Vicki Michelle,  (born 14 December 1950) is an English actress, radio presenter, businesswoman, film producer and former model. She is best known for her role as Yvette Carte-Blanche in the BBC television comedy series 'Allo 'Allo! and as recurring character Patricia Foster in the ITV soap opera Emmerdale. In 2014, she appeared on the fourteenth series of I'm a Celebrity...Get Me Out of Here.

Early life
The eldest of four daughters, Michelle was born in Chigwell, Essex. Her father Joseph was a fish trader at Billingsgate Fish Market and her mother Shirley an actress. One of her sisters is the actress and writer Ann Michelle. While her parents were at work, they employed an au-pair girl to look after Michelle and her three sisters; the girl they employed was future Hollywood actress Elke Sommer. Michelle attended Knewnham Junior School in Wanstead and then West Hatch High School. After O-levels she stayed on at school to complete a secretarial course. Hoping to become a ballet dancer she joined the Aida Foster stage school.

Acting career

Michelle was given small television roles while still at stage school, the first being in Dixon of Dock Green. She followed this with an uncredited appearance dancing at a party in The Haunted House of Horror (1969), and a role in the play Play It Again, Sam with Dudley Moore in the West End from 1969 to 1970. Michelle then had three separate female-lead roles in three different episodes of Softly, Softly: Task Force and appeared as Terry Collier's girlfriend in Whatever Happened to the Likely Lads? in 1974. She also had a starring role alongside her sister Ann in the horror film Virgin Witch (1972) before appearing with Joan Collins in Alfie Darling (1975), the sequel to Alfie (1966). Michelle then appeared in big-screen versions of popular English sitcoms The Likely Lads (1976) as a hitch-hiker with Penny Irving and George and Mildred (1980) as a girl in bed with the vicar. She also appeared regularly in the 1970s children's BBC TV series Crackerjack. Throughout the 1970s and 1980s, Michelle worked as a glamour model and a pin-up model.
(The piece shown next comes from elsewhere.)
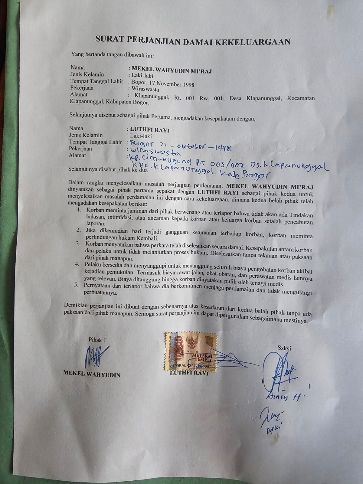 Hariannaskah, Bogor- Kasus pemukulan yang dilakukan oleh LR, anak Kades Klapanunggal, terhadap warga desa setempat, MW, telah mencapai titik akhir dengan pencabutan laporan polisi oleh pelapor. MW secara ikhlas dan berdasarkan kemanusiaan memutuskan untuk mencabut laporan dan keterangannya, setelah melakukan kesepakatan damai dengan pihak LR.

Following a small role in Space: 1999, Michelle starred in the films Queen Kong (1976), The Sentinel (1977) and Spectre with John Hurt before appearing in an episode of The Goodies as a nurse. In 1976, she had a role in the popular The Two Ronnies sketch "The Phantom Raspberry Blower of Old London Town". In 1978, Michelle starred in the film The Greek Tycoon opposite Anthony Quinn; Michelle's role was initially larger than that in the finished film as Quinn personally asked the producers to reduce the size of Michelle's part thinking that her good looks and bright costume would detract the audience's attention from him. After this, Michelle had a small role as a French robot maid in the sitcom Come Back Mrs. Noah which was written by David Croft and played Bodie's girlfriend in an episode of the hard-hitting police drama The Professionals. Following a part in Minder, Michelle had a regular role as Sandra, Les Dawson's secretary, in the comedy sketch show The Dawson Watch from 1979 to 1980. In 1980, she had a recurring role in another famous The Two Ronnies sketch in which she played a state policewoman under the rule of a dystopian female leader played by Diana Dors.

Although the late sixties and seventies gave her success, Michelle gained significant attention, particularly in Ireland, after appearing as Sally O'Brien in a string of high-profile adverts for Harp Lager in the early 1980s. The slogan "Sally O'Brien and the way she might look at you" became synonymous with the company and brought Michelle to viewers' attention. There was a small outcry when it was revealed that the actress that played Sally O'Brien was in fact English, not Irish. Following on from this success, Michelle played the part of Millie in Priest of Love (1981) alongside Ava Gardner, John Gielgud and Ian McKellen before appearing in a second episode of The Professionals, in which she played Tina, the girlfriend of an organised crime boss played by John Junkin in the episode The Untouchables.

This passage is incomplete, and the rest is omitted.